Shared molecular processes in comorbid atherosclerosis and cancer assessed by FDG- and NaF-PET/CT

Objectives: 1. Discuss shared features of pathophysiology such as inflammation, increased proliferation, angiogenesis, and oxidative stress in the progression of cancer and atherosclerosis. 2. Evaluate the role of FDG- and NaF-PET/CT in the evaluation of disease processes. 3. Present images of patients with comorbid atherosclerosis and prostate cancer and methods of quantifying atherosclerotic disease activity.

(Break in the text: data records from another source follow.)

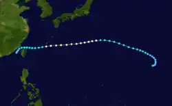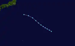 On March 17, a cluster of thunderstorms grouped together which formed a low pressure area far east of the Mariana islands. The low pressure area rapidly intensified and became a tropical storm 4 days after formation. Favorable conditions allowed the system to continue to intensify into a Category 1 typhoon. High wind shear on March 25 caused the system to weakened, and it transitioned into an extratropical cyclone.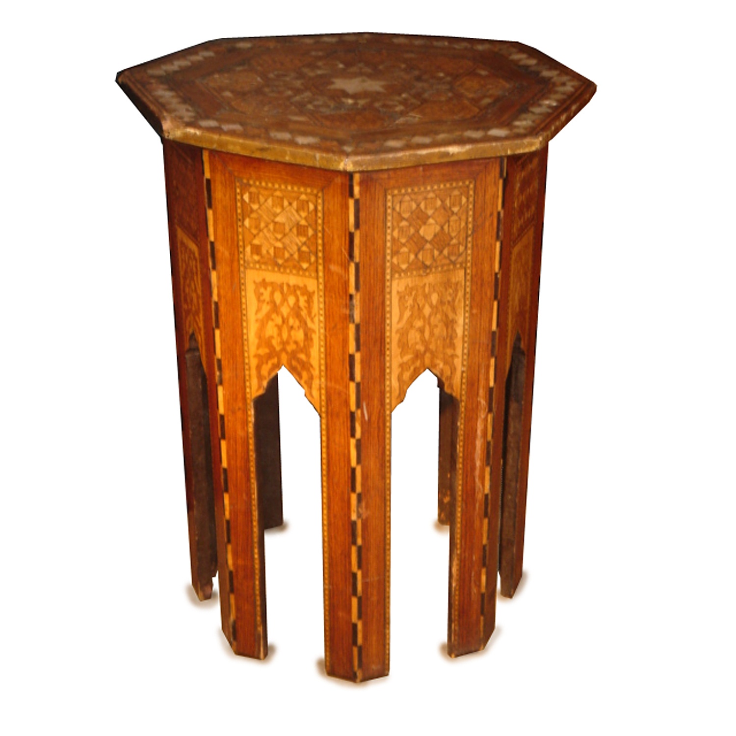 MOROCCAN PEARL INLAID PALE WOOD HEXAGONAL TABLE 18/i WIDE
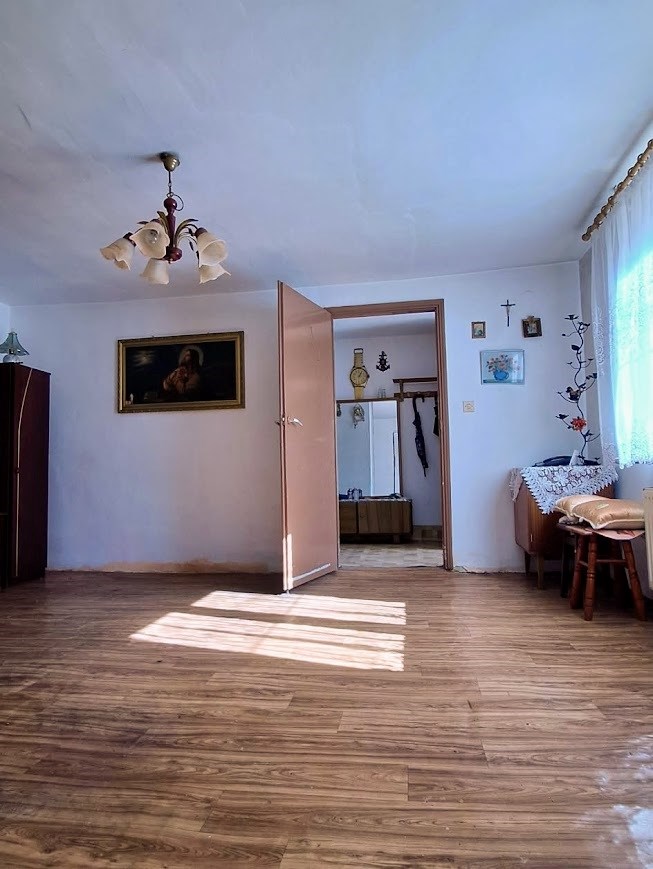 Na Sprzedaż Dom Bliźniak w spokojnej, cichej wiosce otoczonej polami i lasami. Dom o powierzchni ok. 70m2 , Dwa duże pokoje , duża kuchnia , duża łazienka , korytarz, przedsionek oraz duże poddasze. Dom bez barier architektonicznych - całość na parterze bez schodów. Dodatkowo budynki gospodarcze. Działka ok. 1650m2. Ogrzewanie piec kaflowy plus centralne na drewno.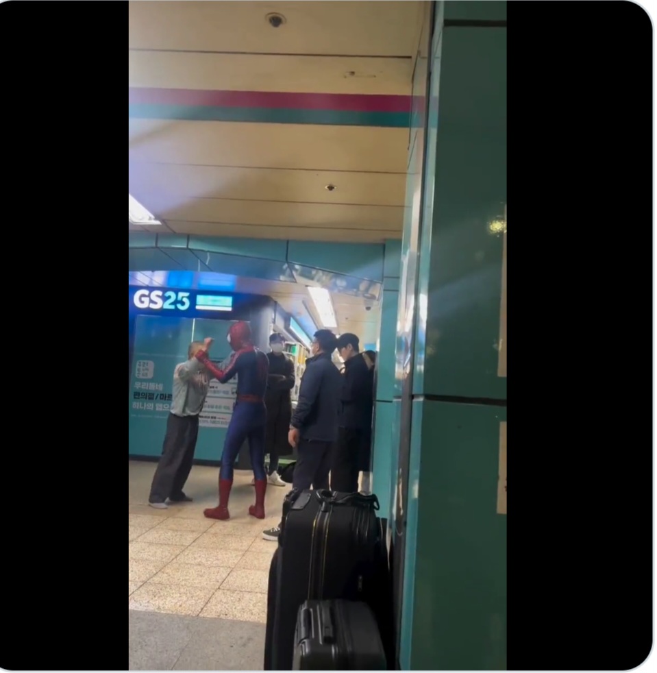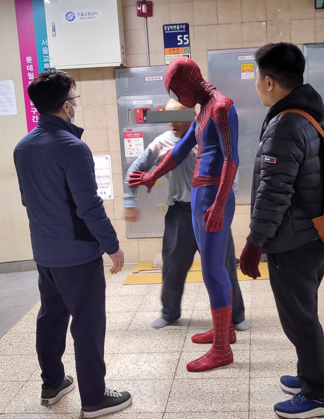 2023년 11월 11일, 서울 지하철 2호선 잠실역에서 스파이더맨 복장을 한 한 시민이 노숙인이 역무원을 폭행하려는 것을 말리는 사건이 일어났습니다.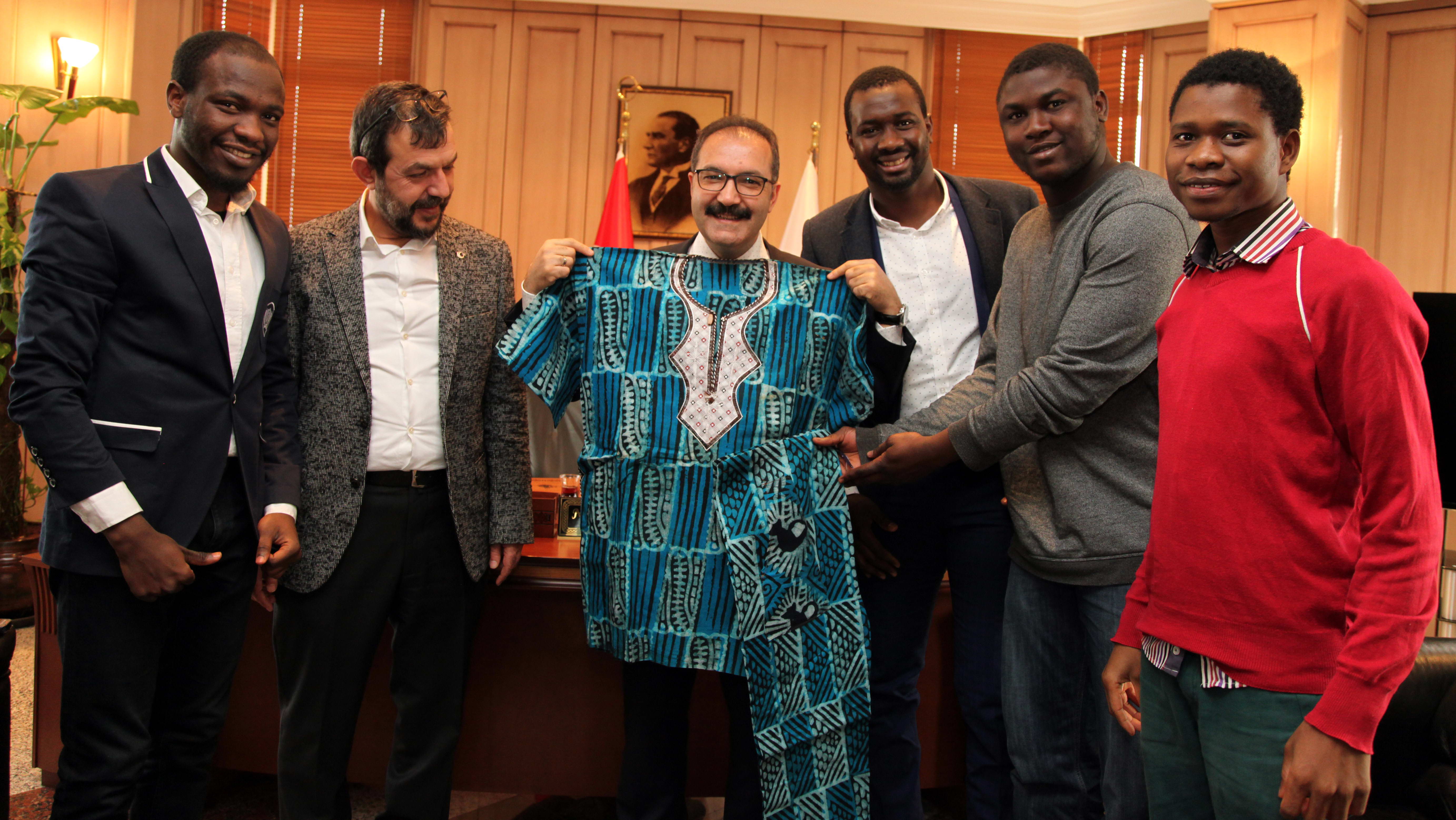 42 Afrika ülkesinden gelerek Gaziantep’te eğitimlerini sürdüren üniversite öğrencilerini temsilen kurulan Afrikalı Öğrenciler Birliği, GAÜN Rektörü Prof. Dr. Ali Gür’ü makamında ziyaret etti. Öğrencilerin yöresel kıyafet hediye ettiği Rektör Gür, “Önümüzdeki Bahar Şenlikleri’nde sizi aktif etkinliklerde görmek istiyoruz. Siz artık burada misafir değil, ev sahibisiniz. Böylelikle birbirimizi daha iyi tanıyacağız” dedi. Afrikalı Öğrenciler Birliği Başkanı Khalif Muhammed ile dernek üyeleri…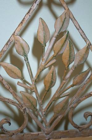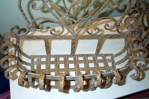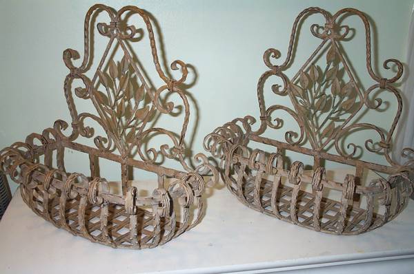 PRICE GETS BOTH matching antique metal heavy plant baskets. Beautiful Gothic Art Deco scrolling and leaf backdrop design. These self stand or can be wall hanging. Stunning and rare. Each measures aprox 17" length x 7" deep x 15" height. Pick up from North Aurora, Illinois. Please call or text show contact info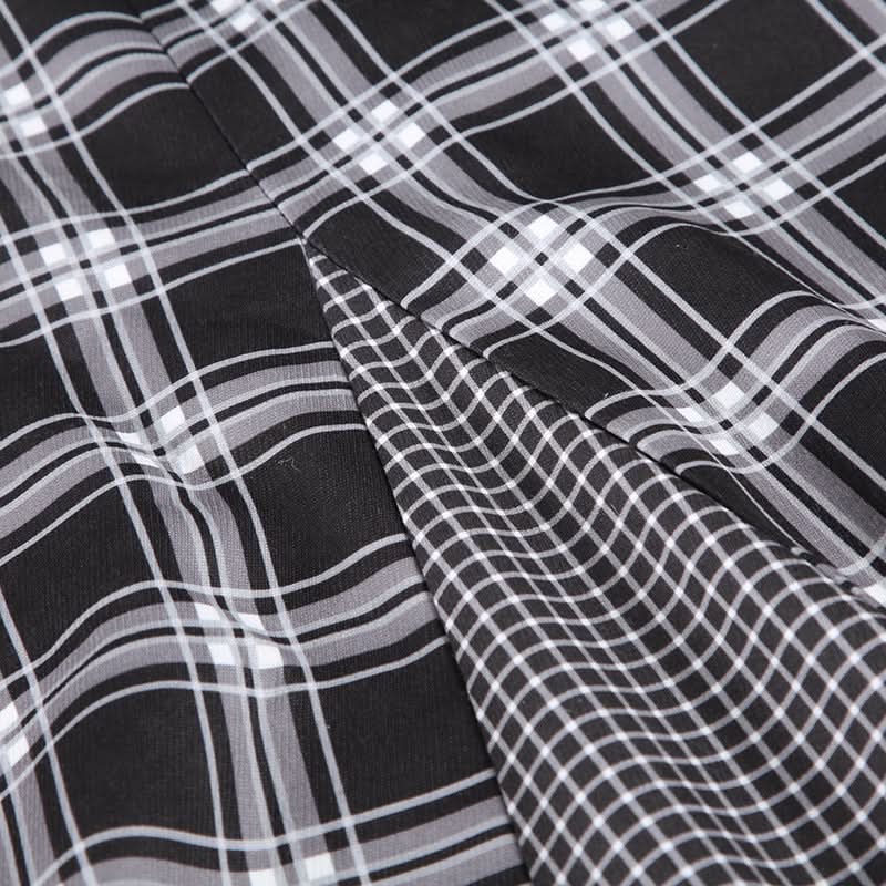 Plaid patchwork contrast zip-up maxi skirt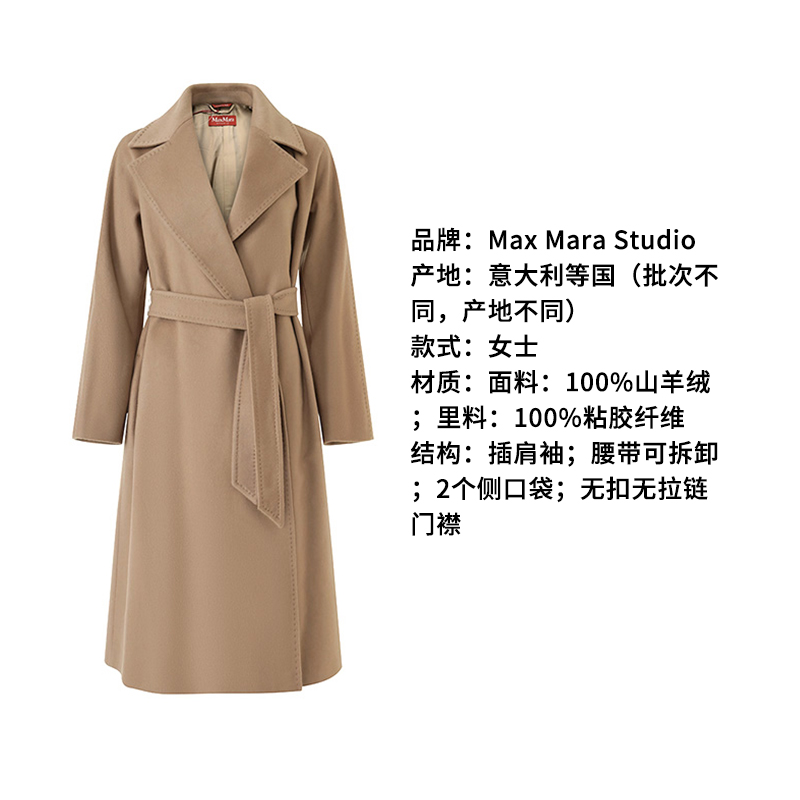 自营Max Mara Studio 麦丝玛拉 【新品】女士山羊绒驼色长款大衣外套 FELTRO 014 60160939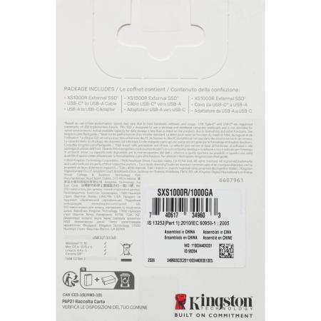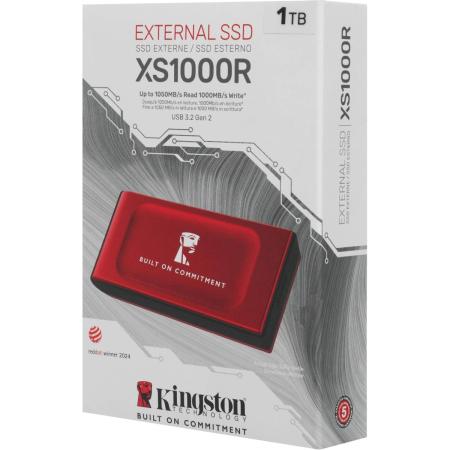 Твердотельный накопитель SSD Kingston External SSD XS1000, 1000GB, Type-C/A, USB 3.2 Gen 2, R/W 1050/1000MB/s, 70x33x14mm, 29g., Red

Methods: Tracer uptake in a vessel can be measured by manually defining a region of interest (ROI) around the vessel wall on axial PET/CT slices, and averaging the resulting SUVmean across all ROIs to determine disease activity. This process can be applied to coronary arteries, carotid arteries, thoracic aorta, and abdominal aorta using FDG to determine degree of inflammation and NaF to determine degree of calcification.

Results: In addition to assessing primary tumors and metastases, FDG- and NaF-PET/CT can detect and monitor comorbid atherosclerosis. Furthermore, varying levels of disease involvement between vessels can be observed.

Conclusions: As the relationship between cancer and atherosclerosis becomes clearer, their shared molecular characteristics can be used to assess both diseases with the same scan. FDG is often used to assess increased glycolysis by cancer cells, and NaF can portray bony changes due to skeletal metastasis. However, these tracer may play an important role in assessing comorbid atherosclerosis in these high-risk patients as techniques are further developed and validated.